▶ [Supplied data]:
○ ○ ○ ○ ○
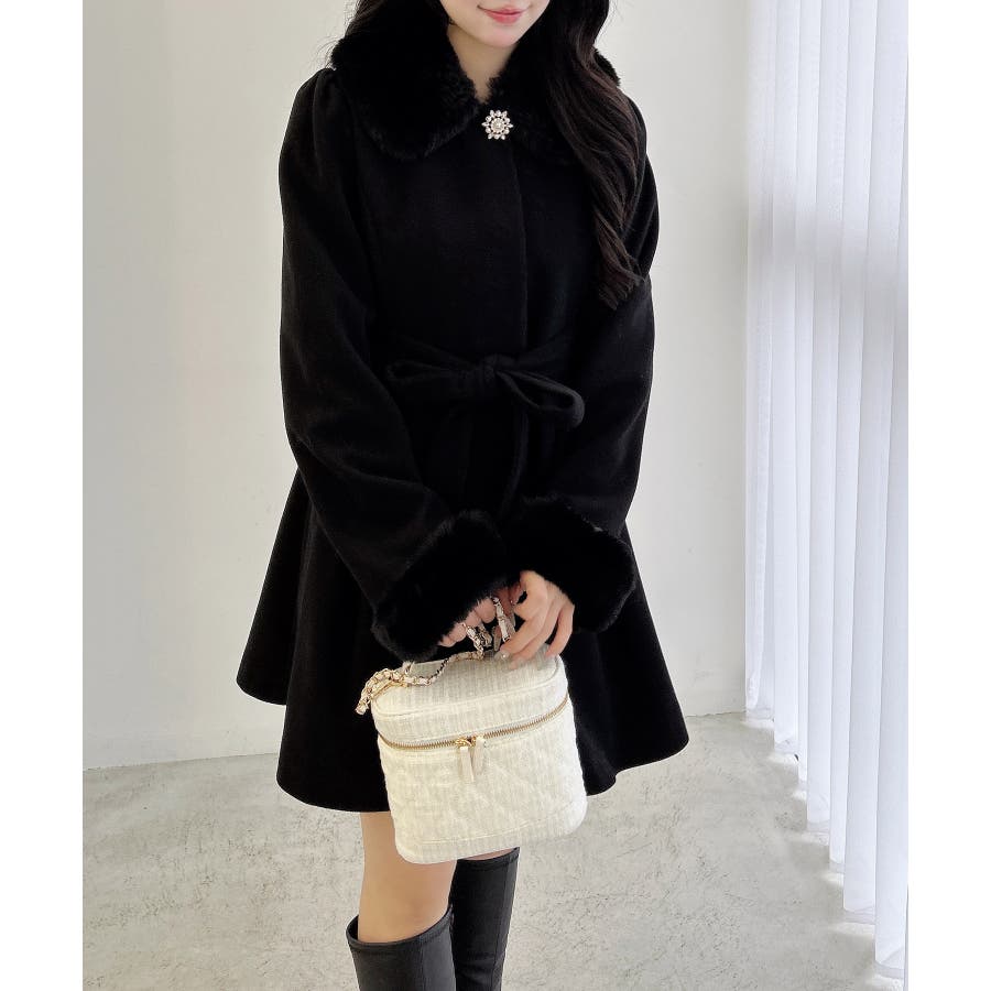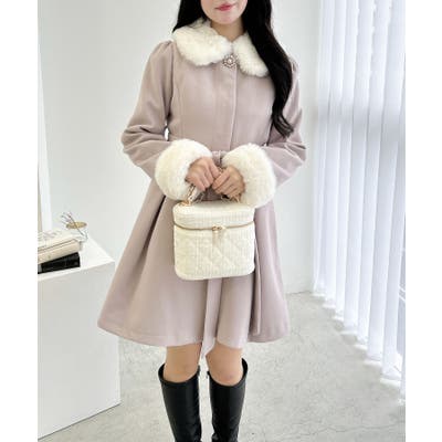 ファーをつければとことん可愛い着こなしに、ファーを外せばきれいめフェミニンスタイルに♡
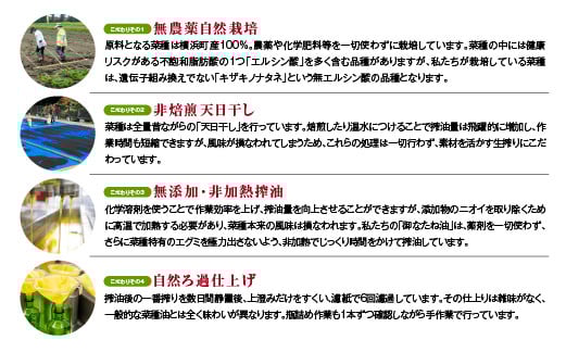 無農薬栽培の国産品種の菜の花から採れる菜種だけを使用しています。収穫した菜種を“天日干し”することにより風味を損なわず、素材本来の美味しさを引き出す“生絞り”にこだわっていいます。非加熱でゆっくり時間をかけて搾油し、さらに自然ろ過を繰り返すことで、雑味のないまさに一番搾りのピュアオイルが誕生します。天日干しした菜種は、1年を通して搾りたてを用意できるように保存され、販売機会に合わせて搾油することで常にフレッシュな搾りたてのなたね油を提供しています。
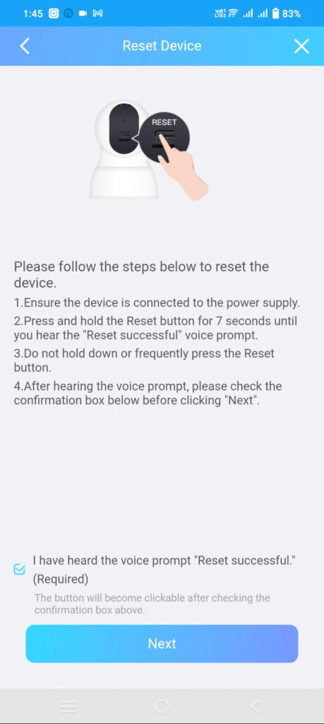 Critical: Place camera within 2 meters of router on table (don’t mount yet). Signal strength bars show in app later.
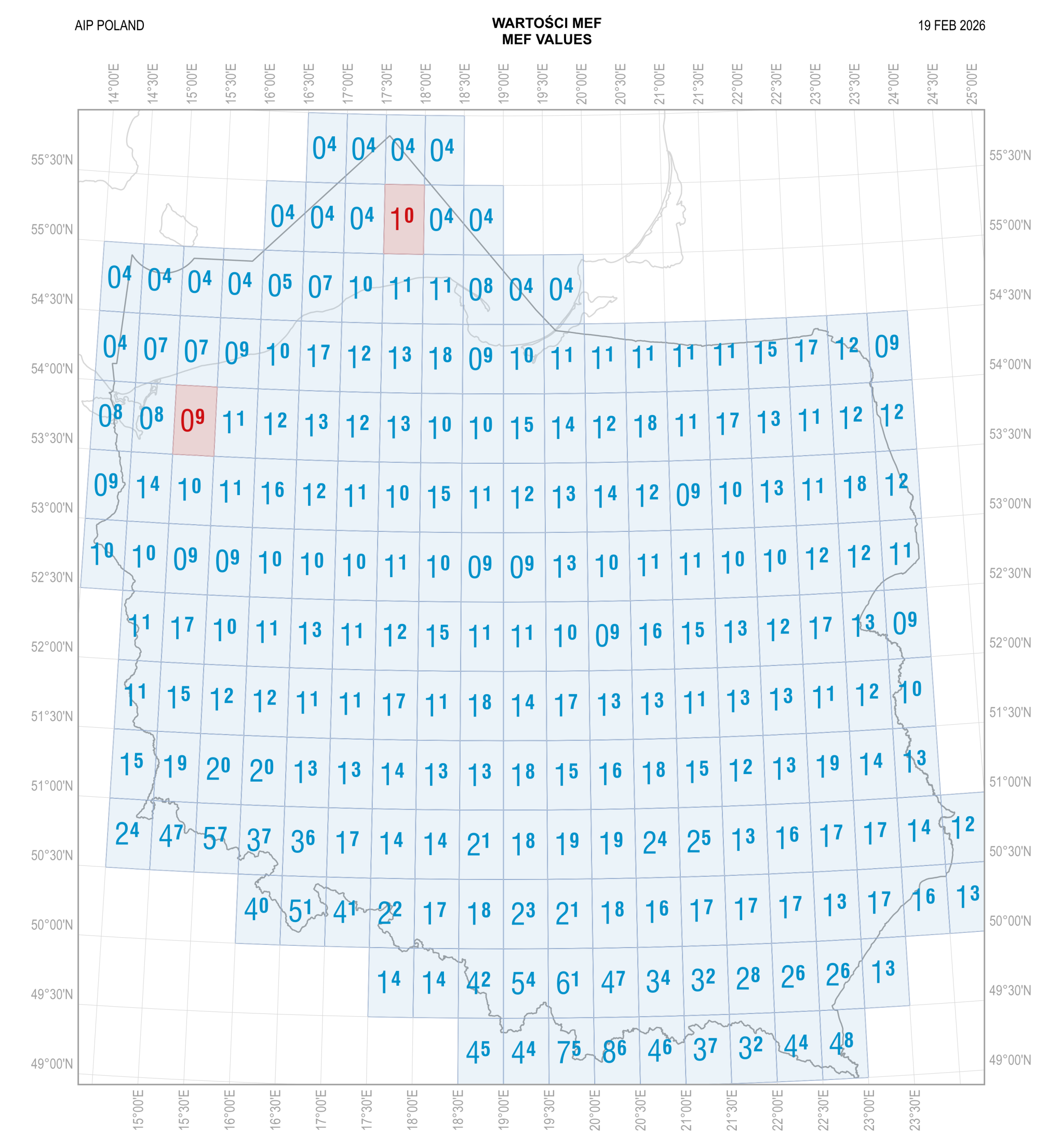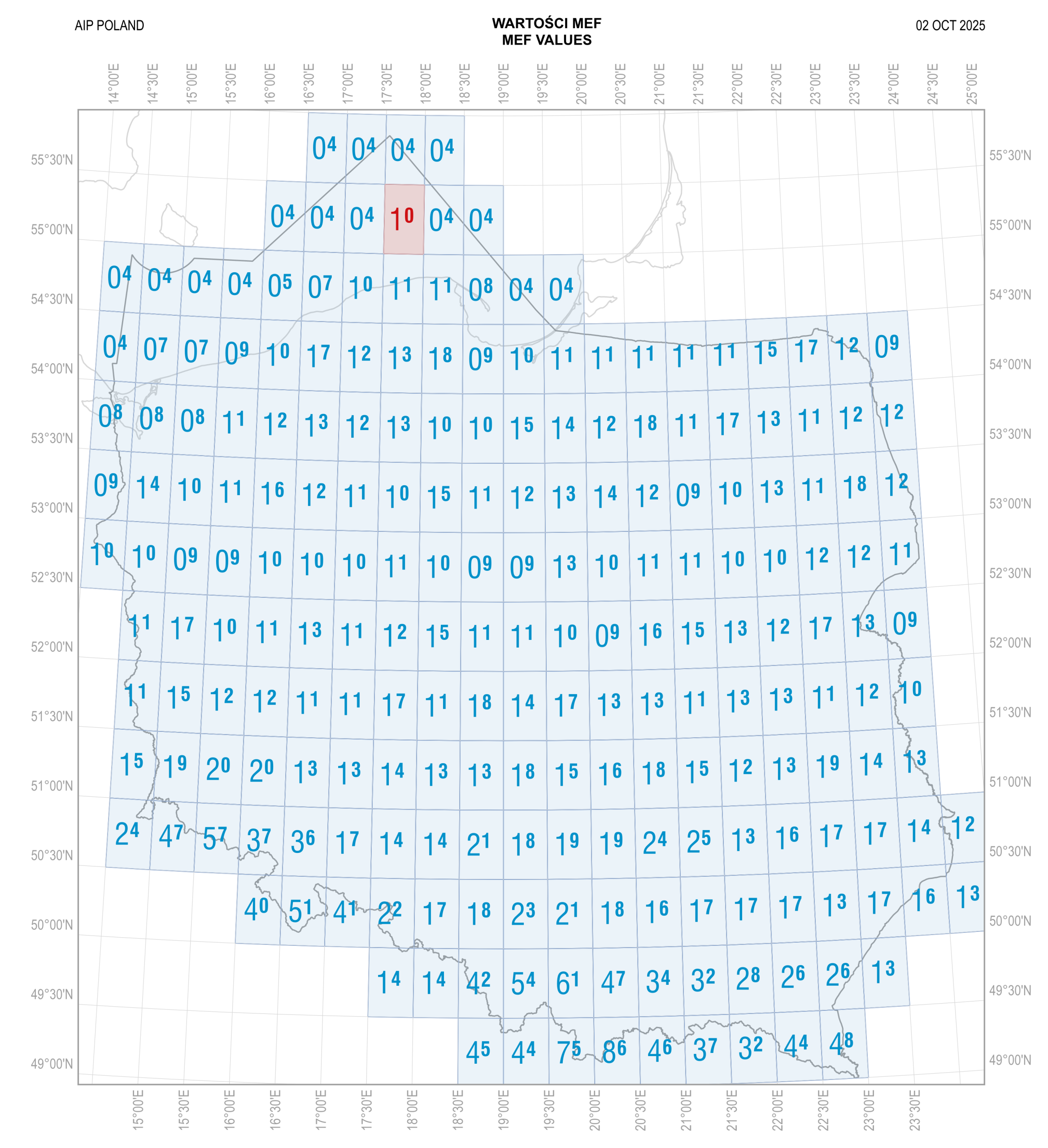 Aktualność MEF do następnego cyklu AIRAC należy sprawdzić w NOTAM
○ ○ ○ ○ ○
▶ [Exercise details]: The response has to be an exact copy of all the data, pictures excluded.

▶ [Written answer]:
 ファーをつければとことん可愛い着こなしに、ファーを外せばきれいめフェミニンスタイルに♡
 無農薬栽培の国産品種の菜の花から採れる菜種だけを使用しています。収穫した菜種を“天日干し”することにより風味を損なわず、素材本来の美味しさを引き出す“生絞り”にこだわっていいます。非加熱でゆっくり時間をかけて搾油し、さらに自然ろ過を繰り返すことで、雑味のないまさに一番搾りのピュアオイルが誕生します。天日干しした菜種は、1年を通して搾りたてを用意できるように保存され、販売機会に合わせて搾油することで常にフレッシュな搾りたてのなたね油を提供しています。
 Critical: Place camera within 2 meters of router on table (don’t mount yet). Signal strength bars show in app later.
 Aktualność MEF do następnego cyklu AIRAC należy sprawdzić w NOTAM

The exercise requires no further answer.